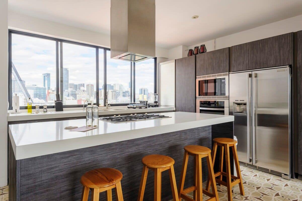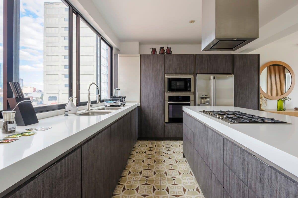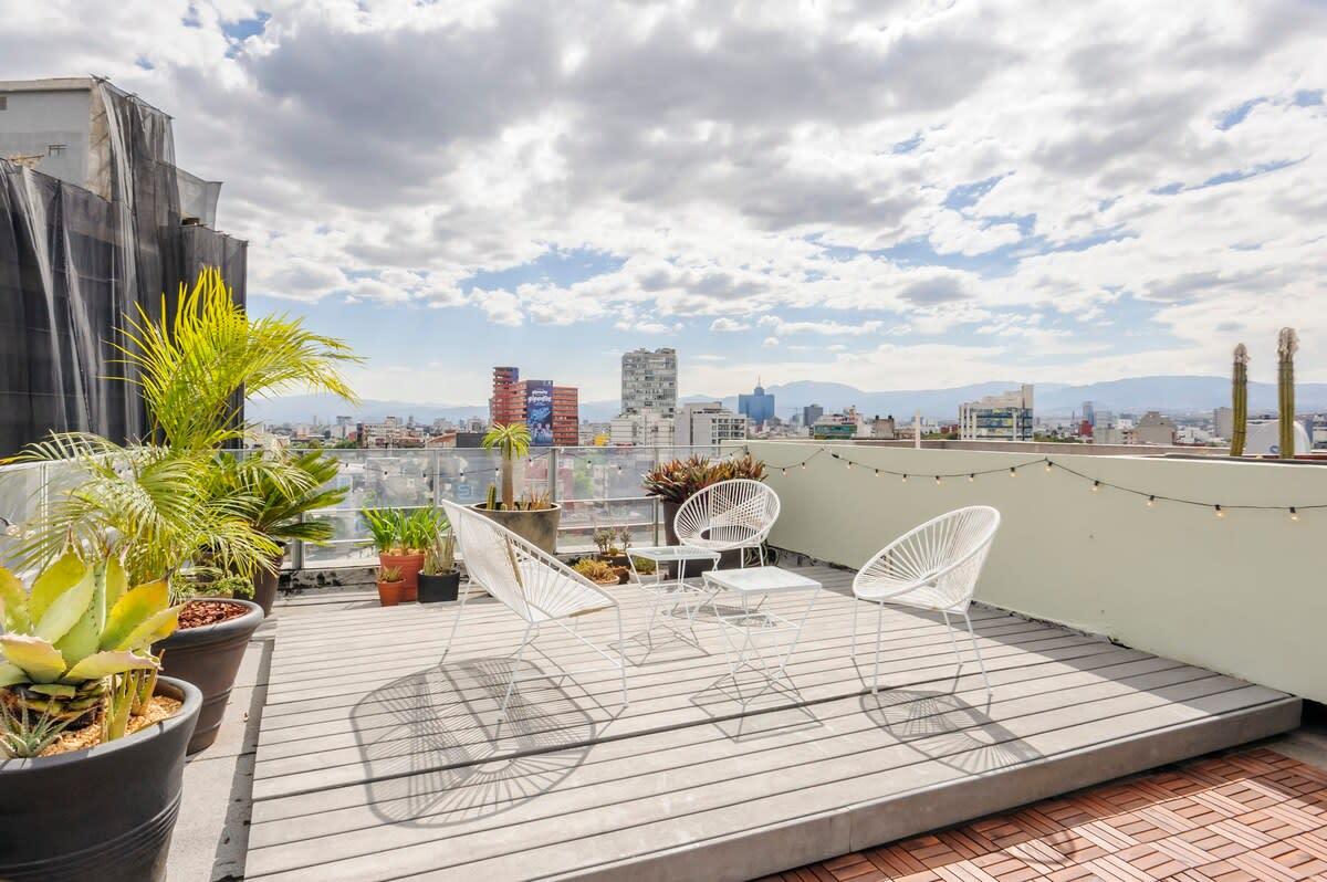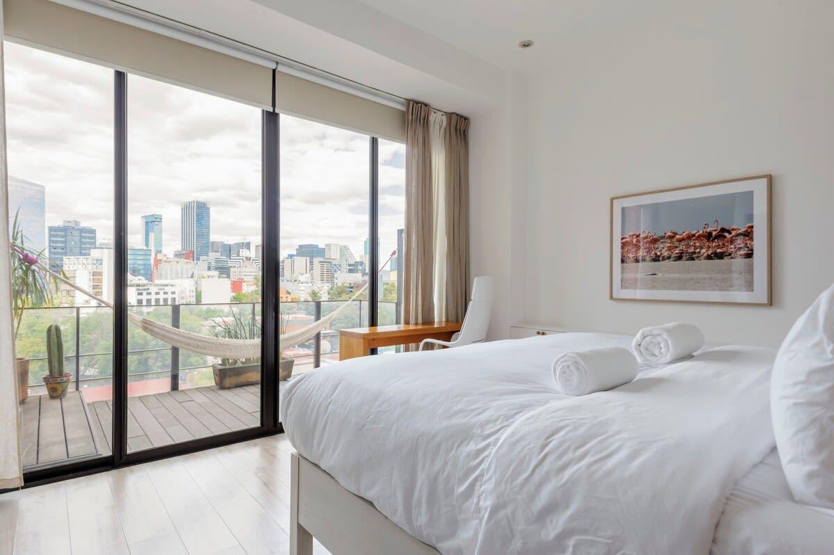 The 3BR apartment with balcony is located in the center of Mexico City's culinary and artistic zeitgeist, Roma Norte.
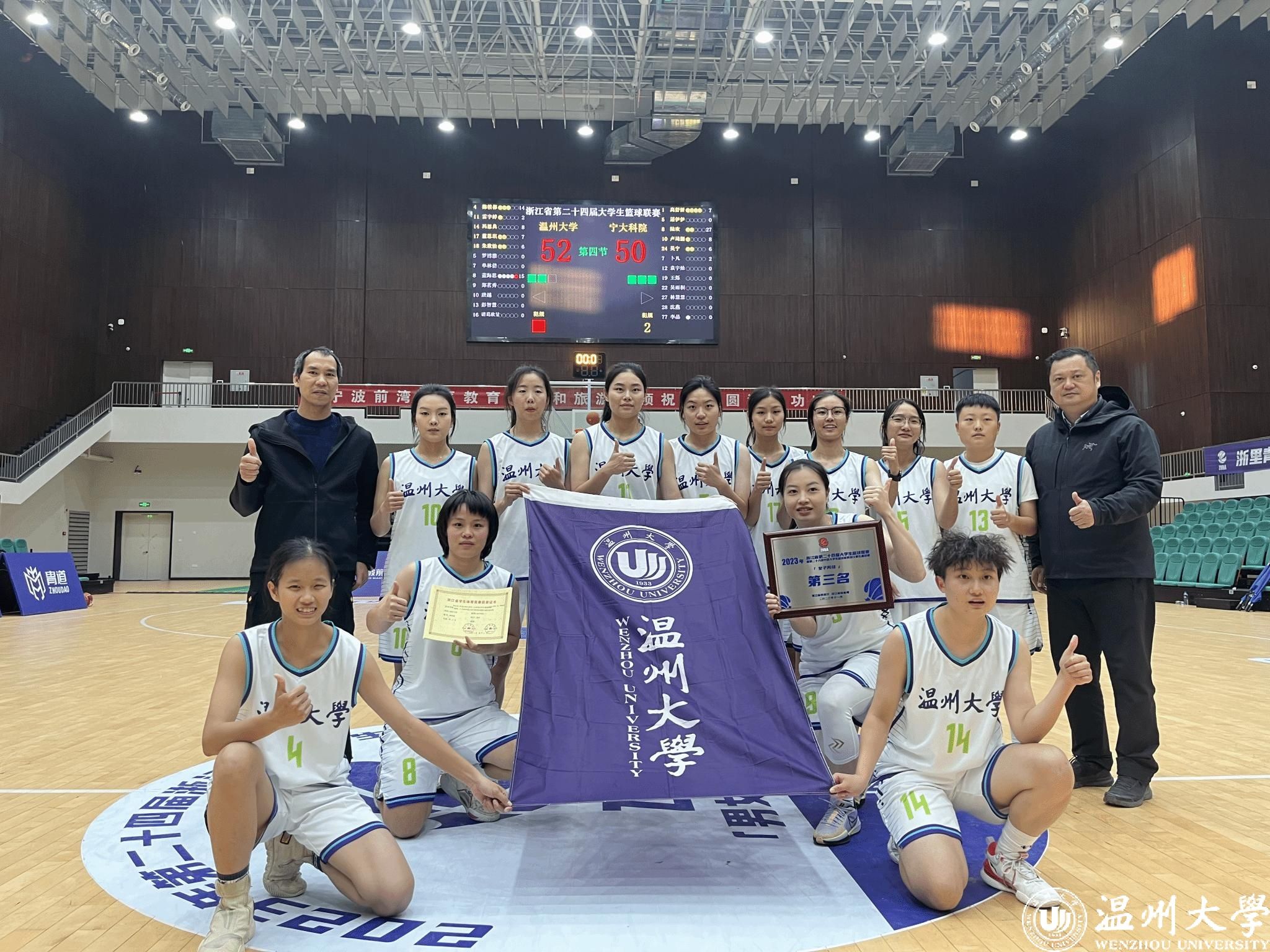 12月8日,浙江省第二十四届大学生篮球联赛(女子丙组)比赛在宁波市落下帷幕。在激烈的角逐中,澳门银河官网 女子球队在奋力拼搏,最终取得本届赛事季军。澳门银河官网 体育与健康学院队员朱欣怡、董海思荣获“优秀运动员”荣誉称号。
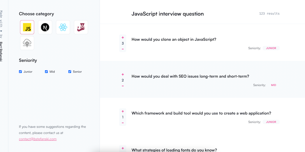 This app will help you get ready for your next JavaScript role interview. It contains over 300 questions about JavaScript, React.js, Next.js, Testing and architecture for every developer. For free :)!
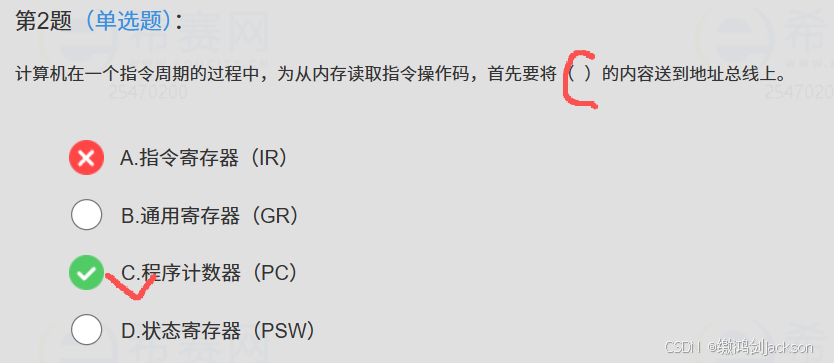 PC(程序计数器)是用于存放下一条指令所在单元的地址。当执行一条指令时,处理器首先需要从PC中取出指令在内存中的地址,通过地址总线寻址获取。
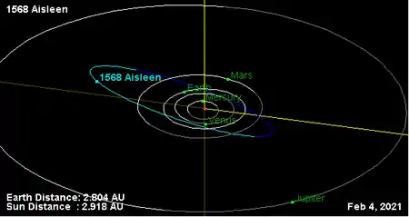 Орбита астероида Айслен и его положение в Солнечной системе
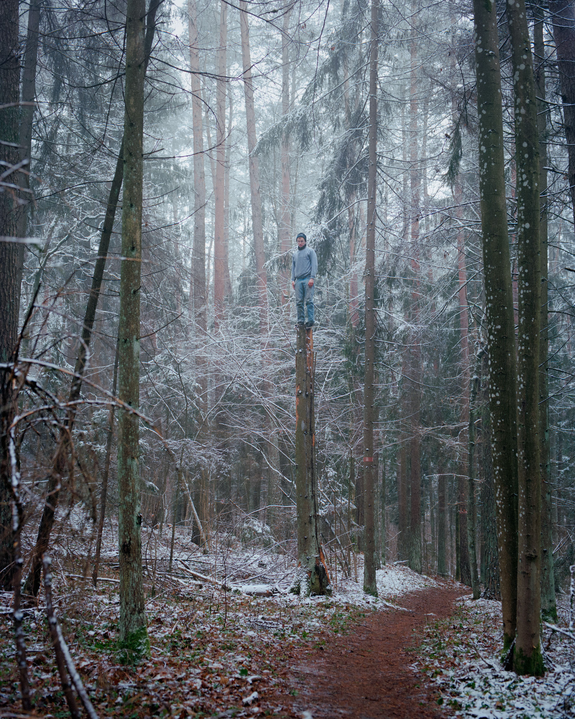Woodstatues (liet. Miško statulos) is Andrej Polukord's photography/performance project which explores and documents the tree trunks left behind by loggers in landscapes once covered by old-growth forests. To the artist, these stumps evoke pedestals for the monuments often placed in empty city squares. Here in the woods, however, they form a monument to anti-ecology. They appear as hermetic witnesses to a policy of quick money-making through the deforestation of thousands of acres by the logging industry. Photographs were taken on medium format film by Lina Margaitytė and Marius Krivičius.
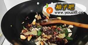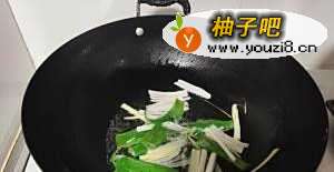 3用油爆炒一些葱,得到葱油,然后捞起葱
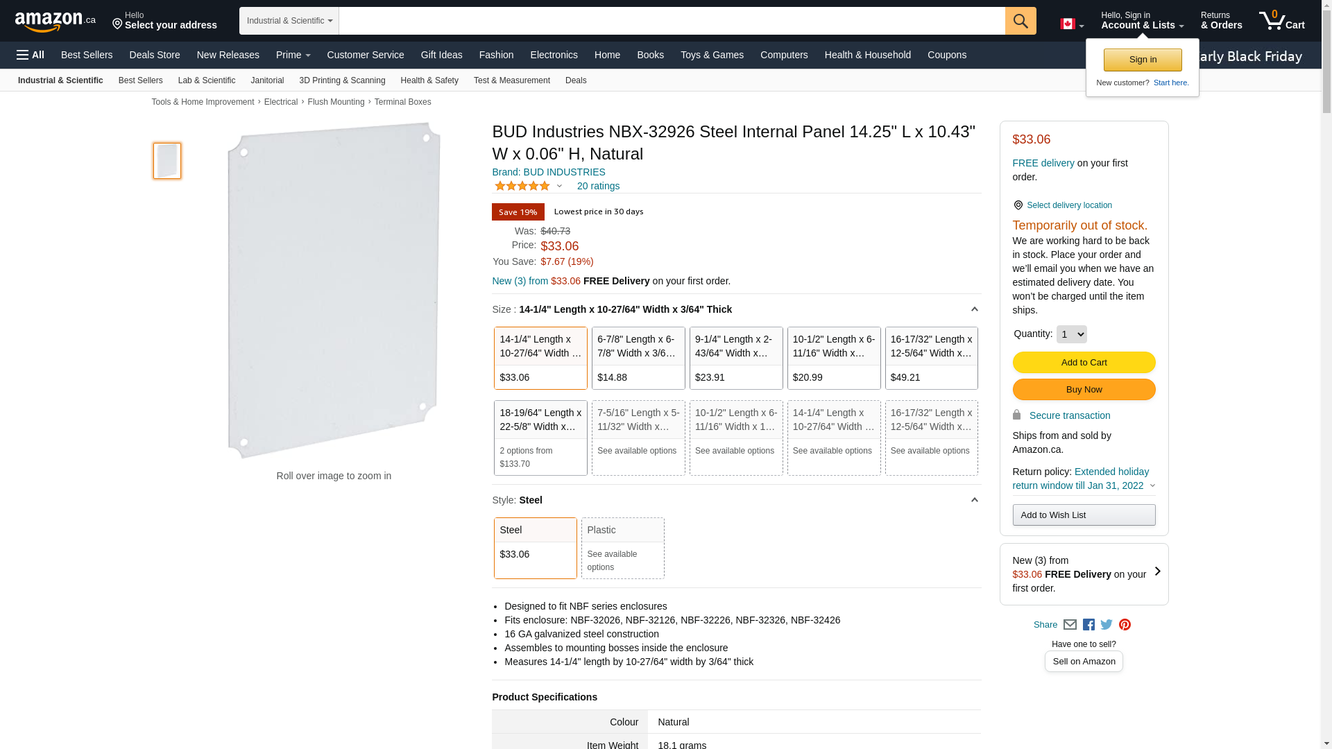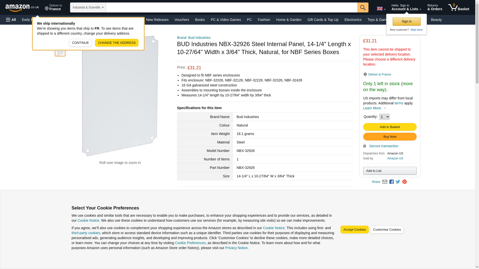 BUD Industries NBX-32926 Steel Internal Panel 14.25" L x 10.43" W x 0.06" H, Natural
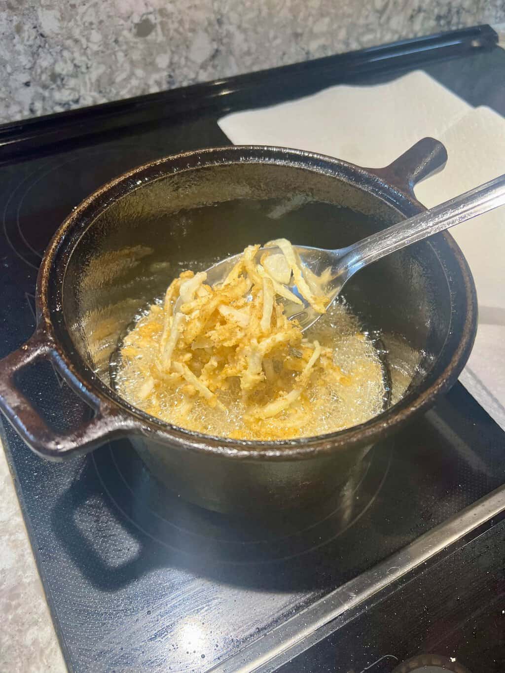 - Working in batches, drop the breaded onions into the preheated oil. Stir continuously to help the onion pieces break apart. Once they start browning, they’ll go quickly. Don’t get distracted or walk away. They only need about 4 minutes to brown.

DIRECTIONS FOR THIS TASK -
Print the full listing above again with exact wording and no images.

RESULT OF THE TASK -
 The 3BR apartment with balcony is located in the center of Mexico City's culinary and artistic zeitgeist, Roma Norte.
 12月8日,浙江省第二十四届大学生篮球联赛(女子丙组)比赛在宁波市落下帷幕。在激烈的角逐中,澳门银河官网 女子球队在奋力拼搏,最终取得本届赛事季军。澳门银河官网 体育与健康学院队员朱欣怡、董海思荣获“优秀运动员”荣誉称号。
 This app will help you get ready for your next JavaScript role interview. It contains over 300 questions about JavaScript, React.js, Next.js, Testing and architecture for every developer. For free :)!
 PC(程序计数器)是用于存放下一条指令所在单元的地址。当执行一条指令时,处理器首先需要从PC中取出指令在内存中的地址,通过地址总线寻址获取。
 Орбита астероида Айслен и его положение в Солнечной системе
Woodstatues (liet. Miško statulos) is Andrej Polukord's photography/performance project which explores and documents the tree trunks left behind by loggers in landscapes once covered by old-growth forests. To the artist, these stumps evoke pedestals for the monuments often placed in empty city squares. Here in the woods, however, they form a monument to anti-ecology. They appear as hermetic witnesses to a policy of quick money-making through the deforestation of thousands of acres by the logging industry. Photographs were taken on medium format film by Lina Margaitytė and Marius Krivičius.
 3用油爆炒一些葱,得到葱油,然后捞起葱
 BUD Industries NBX-32926 Steel Internal Panel 14.25" L x 10.43" W x 0.06" H, Natural
 - Working in batches, drop the breaded onions into the preheated oil. Stir continuously to help the onion pieces break apart. Once they start browning, they’ll go quickly. Don’t get distracted or walk away. They only need about 4 minutes to brown.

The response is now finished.